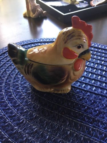 Rare Chicken Rooster Stacking Porcelain Open Salt, Pepper Shaker
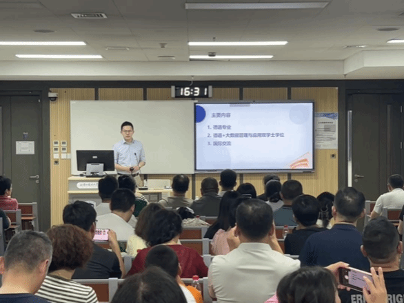 随后,球王会体育官方网站党总支委员、副院长寇蔻聚焦本科人才培养,为家长们详细解读本科专业人才培养方案。他指出,学院正积极推动数智赋能本科教学,以科技助力教学质量提升。并围绕本科课程体系,分别介绍基础阶段的知识夯实重点与高年级阶段的课程设置,强调高年级选课体系“动态多元”的特点,满足学生个性化发展需求。寇蔻副院长还提及北外德语专业本科基础阶段教学改革成果,重点介绍《新经典德语》教材的应用——通过教材内容设计,引导学生用德语讲好中国故事,推动中外文明互鉴;同时梳理学院重要考试安排、各类赛事资源及选拔机制,为家长清晰呈现学生成长路径。此外,针对今年第一年招生的 “德语+大数据管理与应用” 双学士学位项目展开说明,从思政育人、课程育人、实践育人三个维度,介绍该项目的德语课程、大数据管理与应用课程及交叉融合课程设置;并围绕国际化人才培养,列举交流学习项目、海外实习实践机会、国外专家讲学讲座及高水平国际交流活动,展现学院为学生搭建的国际化成长平台。
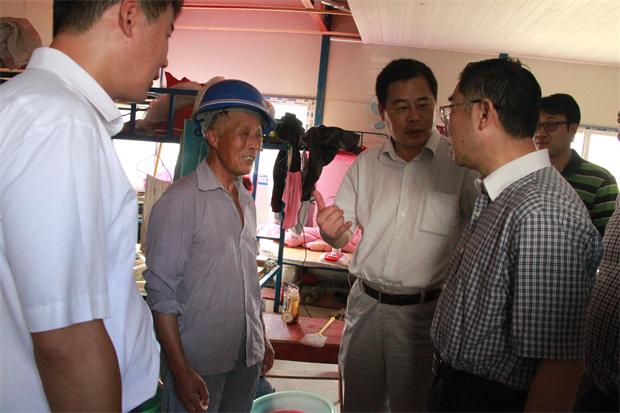 在三建八公司大圩金葡萄項(xiàng)目農(nóng)民工生活區(qū),張毅走進(jìn)工人宿舍,與工友拉起了家常。交談中一位叫李云星的工友告訴他,大家對(duì)目前的收入和生活感到滿意,張毅聽(tīng)了非常高興。張毅隨后又詳細(xì)查看了淋浴間、茶水棚、農(nóng)民工業(yè)余學(xué)校、食堂等處,對(duì)農(nóng)民工生活區(qū)設(shè)施和管理給予充分肯定。當(dāng)看到每個(gè)房間都配有空調(diào)時(shí),對(duì)我公司的做法給予贊揚(yáng)。
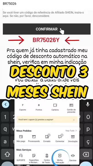 adicione o código BR75026Y em "minha indicação " no app SHEIN e ganhe 10,00 desconto em todas as compras podem ser usados com outro cupom 🫶🏻
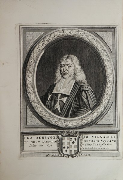 Ritratto del Gran Maestro dell’Ordine in carica ai tempi di Coronelli, racchiuso in una cornice a foglie, realizzato per il suo Corso geografico, una delle più celebri opere del religioso veneziano. Opera tratta dal ' Corso geografico universale, o sia la terra divisa nelle sue parti e subdistinta ne' suoi gran regni. Esposta in tavole geografiche ricorrette et accresciute di tutte le nuove scoperte, ad uso dell'Accademia Cosmografica degli Argonauti dal Padre Maestro Vincenzo Coronelli M. C. Cosmografo della Serenissima Republica di Venetia. Dedicata alla Santità di Nostro Signore Innocenzo XII. P. I. In Venetia, a spese dell'autore. MDCXCII. Coronelli visse un periodo di straordinaria fecondità editoriale a partire dal 1689, quando ebbe la cattedra di geografia presso l'Università alle Procuratie, con la pubblicazione, nel 1690, del primo volume dell'Atlante Veneto. In effetti sotto il nome di ' Atlante Veneto ' va tutta la raccolta di tredici opere composte nell'arco del decennio successivo, dall'Isolario ' allo ' Specchio del mare. In realtà solo alcune di tali opere possono definirsi atlante, e sono di valore molto disuguale, dato che si passa da opere originali e fondamentali come quelle citate o il ' Corso Geografico ' ad opere di compilazione o semplici raccolte di vedute. Il ' Corso Geografico ' uscì in diverse edizioni con numeri diversi di carte - sessantotto tavole nel 1689-92; di centosettantatré tavole nel 1692; duecentosessanta tavole, nel 1694-97 - che venivano vendute anche separatamente, al ritmo di sei carte al mese per due anni. Le carte furono incise tra il 1688 e il 1692 nell'attrezzatissima officina cartografica del convento dei Frari, dove lavoravano anche incisori stranieri. ' Incisione in rame, in ottimo stato di conservazione. Portrait of the Grand Master of the Order in charge at the time of Coronelli, realized for his Corso geografico, one of the most famous works of the Venetian religious. The map is taken from ' Corso geografico universale, o sia la terra divisa nelle sue parti e subdistinta ne' suoi gran regni. Esposta in tavole geografiche ricorrette et accresciute di tutte le nuove scoperte, ad uso dell'Accademia Cosmografica degli Argonauti dal Padre Maestro Vincenzo Coronelli M. C. Cosmografo della Serenissima Republica di Venetia. Dedicata alla Santità di Nostro Signore Innocenzo XII. P. I. In Venetia, a spese dell'autore. MDCXCII. Coronelli lived a period of extraordinary editorial fecundity starting from 1689, when he had the chair of geography at the University at the Procuratie, with the publication, in 1690, of the first volume of the ' Atlante Veneto. Under the name of ' Atlante Veneto ' goes the entire collection of thirteen works composed over the next decade, from the ' Isolario ' to the ' Specchio del mare. ' In reality, only some of these works can be defined as atlas, and are of very unequal value, since we go from original and fundamental works such as those mentioned or the ' Corso Geografico ' to works of compilation or simple collections of views. The ' Corso Geografico ' came out in several editions with different numbers of maps - sixty-eight maps in 1689-92; one hundred and seventy-three maps in 1692; two hundred and sixty maps in 1694-97 - which were also sold separately, at the rate of six a month for two years. The maps were alle engraved between 1688 and 1692 in the well-equipped cartographic workshop of the Frari convent, where foreign engravers also worked. ' Copperplate, in good condition. Cfr.
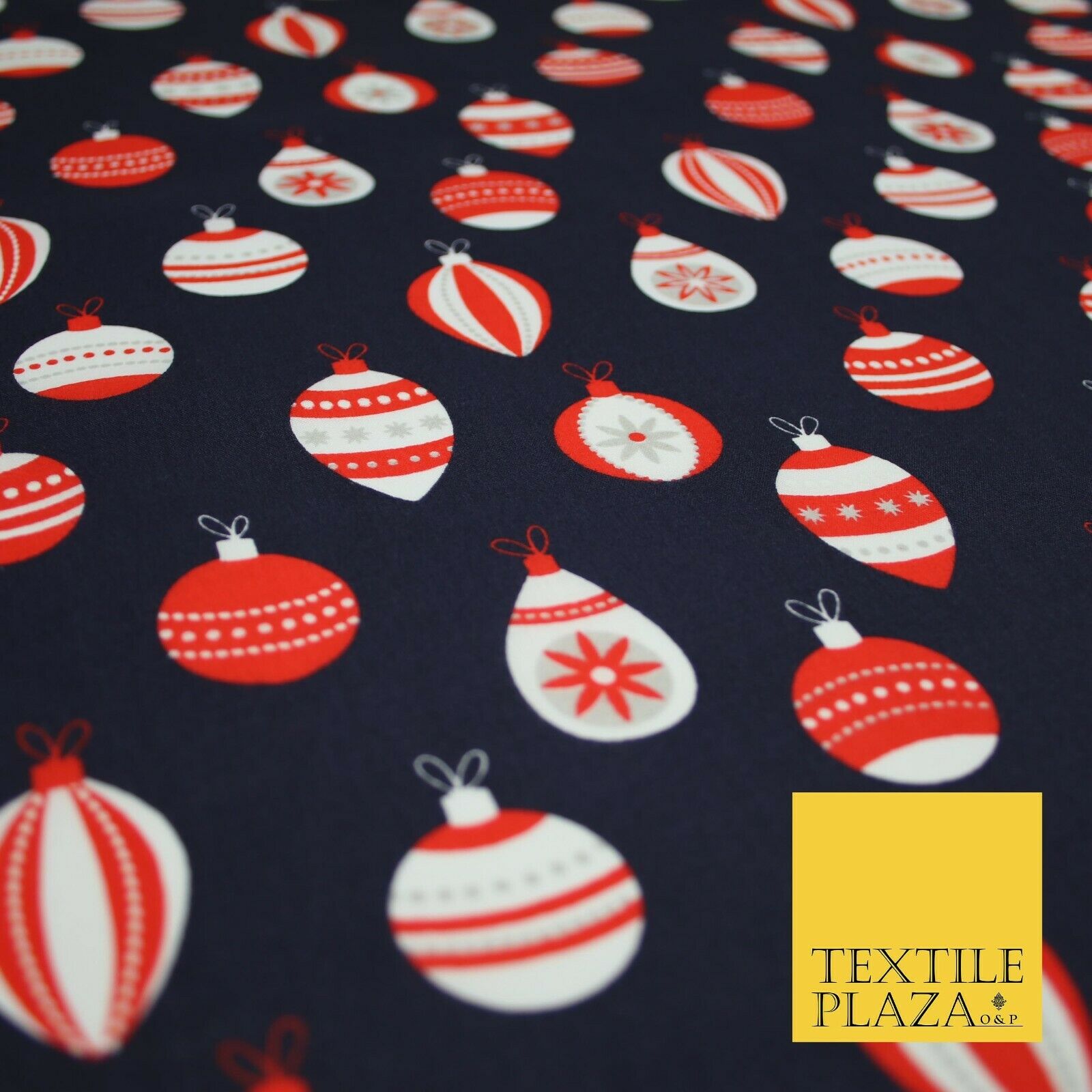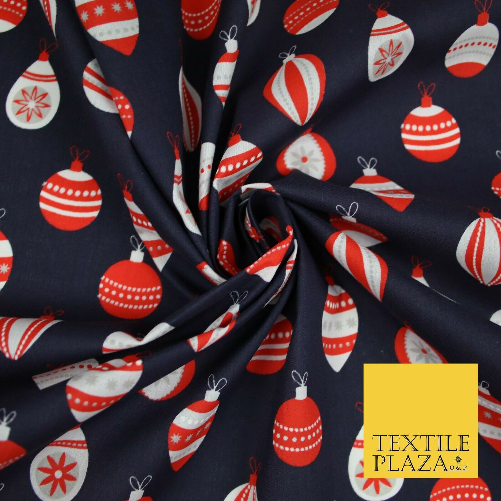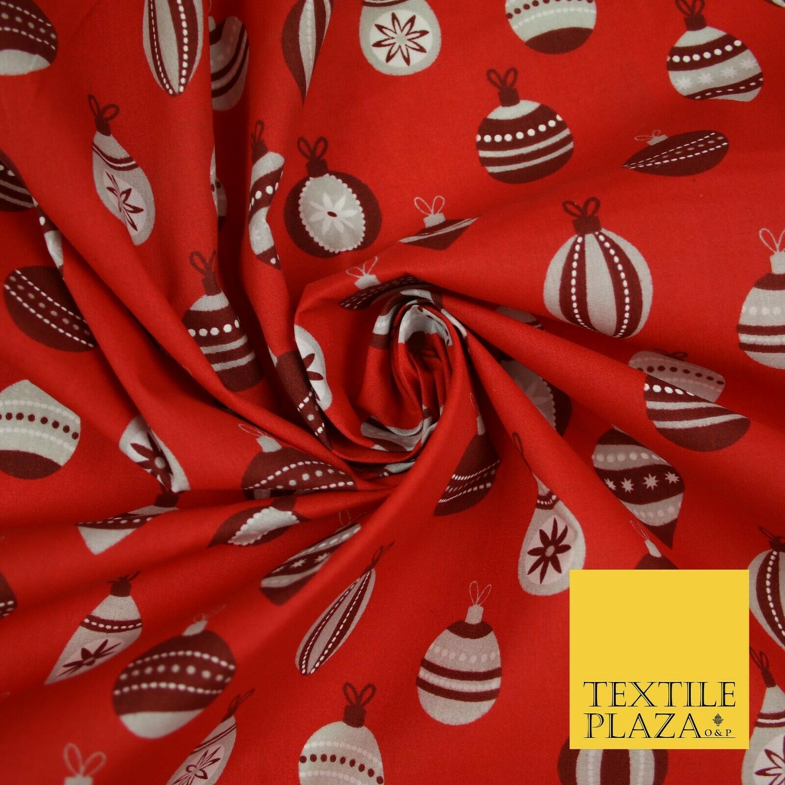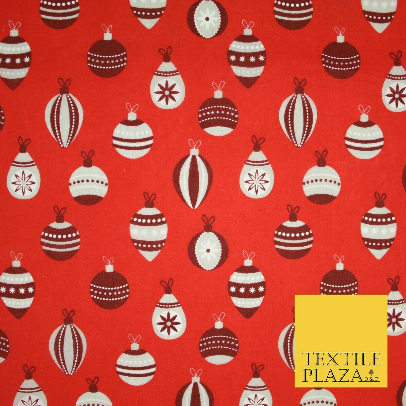Christmas Baubles Festive Xmas Printed Poly Cotton Fabric Polycotton Craft 45"
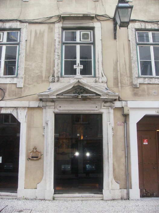A sinalética ao lado da imagem da santa não parece muito adequada e até desnecessária porque não existe no local qualquer extintor como se pode ver na foto... de resto, os extintores devem situar-se junto à porta de saída! Do lado esquerdo, a parede foi rasgada e a pintura marmórea destruída para enterrar o cabo eléctrico do sistema de alarme.

--

> WHAT THE EXERCISE ASKS:
Copy all the material above exactly, but skip each image.

> EXPECTED OUTPUT:
 Rare Chicken Rooster Stacking Porcelain Open Salt, Pepper Shaker
 随后,球王会体育官方网站党总支委员、副院长寇蔻聚焦本科人才培养,为家长们详细解读本科专业人才培养方案。他指出,学院正积极推动数智赋能本科教学,以科技助力教学质量提升。并围绕本科课程体系,分别介绍基础阶段的知识夯实重点与高年级阶段的课程设置,强调高年级选课体系“动态多元”的特点,满足学生个性化发展需求。寇蔻副院长还提及北外德语专业本科基础阶段教学改革成果,重点介绍《新经典德语》教材的应用——通过教材内容设计,引导学生用德语讲好中国故事,推动中外文明互鉴;同时梳理学院重要考试安排、各类赛事资源及选拔机制,为家长清晰呈现学生成长路径。此外,针对今年第一年招生的 “德语+大数据管理与应用” 双学士学位项目展开说明,从思政育人、课程育人、实践育人三个维度,介绍该项目的德语课程、大数据管理与应用课程及交叉融合课程设置;并围绕国际化人才培养,列举交流学习项目、海外实习实践机会、国外专家讲学讲座及高水平国际交流活动,展现学院为学生搭建的国际化成长平台。
 在三建八公司大圩金葡萄項(xiàng)目農(nóng)民工生活區(qū),張毅走進(jìn)工人宿舍,與工友拉起了家常。交談中一位叫李云星的工友告訴他,大家對(duì)目前的收入和生活感到滿意,張毅聽(tīng)了非常高興。張毅隨后又詳細(xì)查看了淋浴間、茶水棚、農(nóng)民工業(yè)余學(xué)校、食堂等處,對(duì)農(nóng)民工生活區(qū)設(shè)施和管理給予充分肯定。當(dāng)看到每個(gè)房間都配有空調(diào)時(shí),對(duì)我公司的做法給予贊揚(yáng)。
 adicione o código BR75026Y em "minha indicação " no app SHEIN e ganhe 10,00 desconto em todas as compras podem ser usados com outro cupom 🫶🏻
 Ritratto del Gran Maestro dell’Ordine in carica ai tempi di Coronelli, racchiuso in una cornice a foglie, realizzato per il suo Corso geografico, una delle più celebri opere del religioso veneziano. Opera tratta dal ' Corso geografico universale, o sia la terra divisa nelle sue parti e subdistinta ne' suoi gran regni. Esposta in tavole geografiche ricorrette et accresciute di tutte le nuove scoperte, ad uso dell'Accademia Cosmografica degli Argonauti dal Padre Maestro Vincenzo Coronelli M. C. Cosmografo della Serenissima Republica di Venetia. Dedicata alla Santità di Nostro Signore Innocenzo XII. P. I. In Venetia, a spese dell'autore. MDCXCII. Coronelli visse un periodo di straordinaria fecondità editoriale a partire dal 1689, quando ebbe la cattedra di geografia presso l'Università alle Procuratie, con la pubblicazione, nel 1690, del primo volume dell'Atlante Veneto. In effetti sotto il nome di ' Atlante Veneto ' va tutta la raccolta di tredici opere composte nell'arco del decennio successivo, dall'Isolario ' allo ' Specchio del mare. In realtà solo alcune di tali opere possono definirsi atlante, e sono di valore molto disuguale, dato che si passa da opere originali e fondamentali come quelle citate o il ' Corso Geografico ' ad opere di compilazione o semplici raccolte di vedute. Il ' Corso Geografico ' uscì in diverse edizioni con numeri diversi di carte - sessantotto tavole nel 1689-92; di centosettantatré tavole nel 1692; duecentosessanta tavole, nel 1694-97 - che venivano vendute anche separatamente, al ritmo di sei carte al mese per due anni. Le carte furono incise tra il 1688 e il 1692 nell'attrezzatissima officina cartografica del convento dei Frari, dove lavoravano anche incisori stranieri. ' Incisione in rame, in ottimo stato di conservazione. Portrait of the Grand Master of the Order in charge at the time of Coronelli, realized for his Corso geografico, one of the most famous works of the Venetian religious. The map is taken from ' Corso geografico universale, o sia la terra divisa nelle sue parti e subdistinta ne' suoi gran regni. Esposta in tavole geografiche ricorrette et accresciute di tutte le nuove scoperte, ad uso dell'Accademia Cosmografica degli Argonauti dal Padre Maestro Vincenzo Coronelli M. C. Cosmografo della Serenissima Republica di Venetia. Dedicata alla Santità di Nostro Signore Innocenzo XII. P. I. In Venetia, a spese dell'autore. MDCXCII. Coronelli lived a period of extraordinary editorial fecundity starting from 1689, when he had the chair of geography at the University at the Procuratie, with the publication, in 1690, of the first volume of the ' Atlante Veneto. Under the name of ' Atlante Veneto ' goes the entire collection of thirteen works composed over the next decade, from the ' Isolario ' to the ' Specchio del mare. ' In reality, only some of these works can be defined as atlas, and are of very unequal value, since we go from original and fundamental works such as those mentioned or the ' Corso Geografico ' to works of compilation or simple collections of views. The ' Corso Geografico ' came out in several editions with different numbers of maps - sixty-eight maps in 1689-92; one hundred and seventy-three maps in 1692; two hundred and sixty maps in 1694-97 - which were also sold separately, at the rate of six a month for two years. The maps were alle engraved between 1688 and 1692 in the well-equipped cartographic workshop of the Frari convent, where foreign engravers also worked. ' Copperplate, in good condition. Cfr.
Christmas Baubles Festive Xmas Printed Poly Cotton Fabric Polycotton Craft 45"
A sinalética ao lado da imagem da santa não parece muito adequada e até desnecessária porque não existe no local qualquer extintor como se pode ver na foto... de resto, os extintores devem situar-se junto à porta de saída! Do lado esquerdo, a parede foi rasgada e a pintura marmórea destruída para enterrar o cabo eléctrico do sistema de alarme.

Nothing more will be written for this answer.